McCain's increasingly addled brain

Some people, as they age, find that certain mental and physical attributes deteriorate. Forgetfulness is often a sign of aging. Physical strength tends to decline as we grow older. Then there are those who become confused, especially under stress.

John McSame seems to be exhibiting a few of these signs of aging. At the last debate, you'll recall, he could not sit still. He was antsy. He stood up, checked his notes, made notes, wandered around--all the while Senator Obama was speaking to the crowd. McCain's antics were distracting on television. I'm sure they were even more distracting to those watching in person. He grinned. He grimaced. It seemed he was deliberately trying to discombobulate Obama. It seemed he
couldn't help himself.

But more seriously, McSame may be suffering from some kind of mental confusion. If you watched the debate, you remember that he referred to Senator Obama as "that one." Could it be that he temporarily forgot Obama's name?

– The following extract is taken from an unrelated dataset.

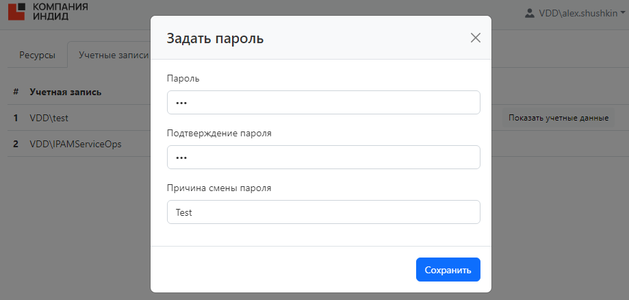 Если пользователь имеет разрешение, в котором включена опция Разрешить просмотр учетных данных, то в разделе Учетные записи будут доступны соответствующие данные. Для просмотра нажмите Показать учетные данные, введите причину просмотра и подтвердите свои действия.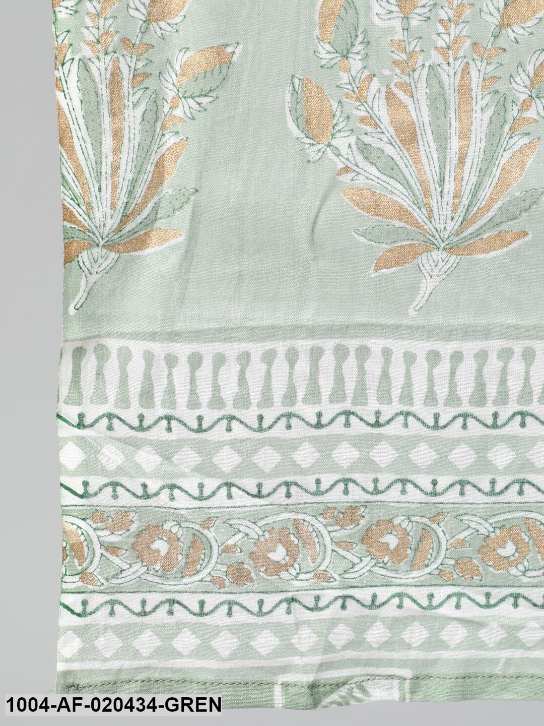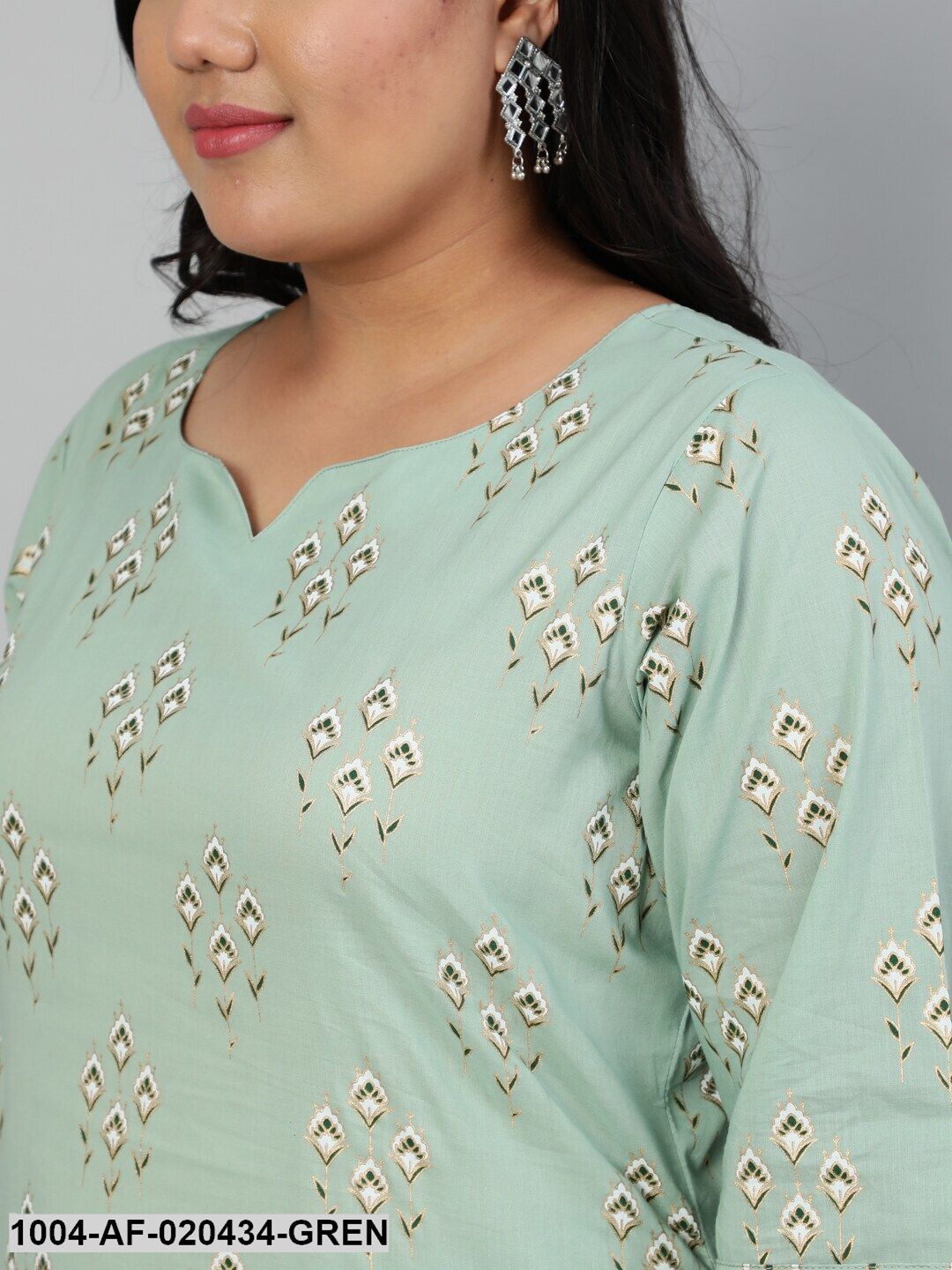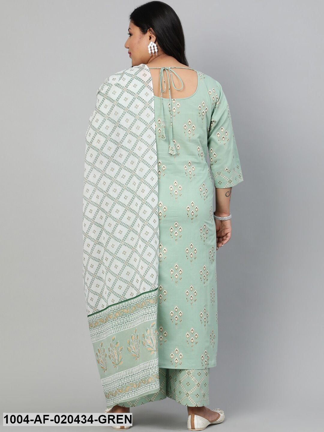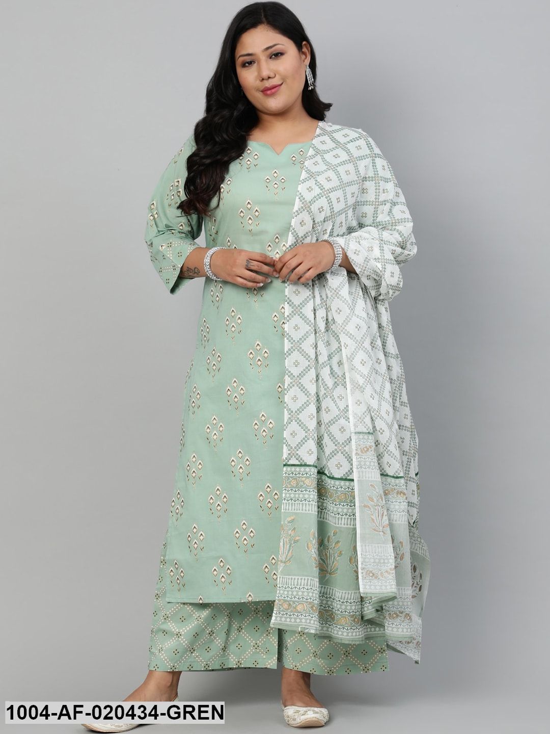Plus Size Green Ethnic Motifs Printed Pure Cotton Kurta with Palazzos & Dupatta

It gets worse. At a post-debate rally in Ohio, McSame addressed the party faithful as "my fellow prisoners."

"Across this country," he said, "this is the agenda I have set before my fellow prisoners. And the same standards of clarity and candor must now be applied to my opponent."

That's both sad and hilarious. Right after calling those gathered around in worshipful adoration "my fellow prisoners," McSame speaks of "clarity," and "candor," and then commands that Obama exhibit that same "clarity" and "candor."

Neither Sarah Palin nor Cindy Helmsley McCain "batted an eyelash," although Palin did seem a bit flummoxed.

McSame's comment is sad, because it appeared he had no clue what he said. Did he suffer some kind of post-traumatic flashback where he suddenly believed himself to be back in the Hanoi Hilton? It is hilarious because if there is anyone who has spoken without either "clarity" or "candor," it has been John McSame.

"Muddled" and "mud-slinging lies" would better fit the McSame campaign.

Clarity and candor, indeed.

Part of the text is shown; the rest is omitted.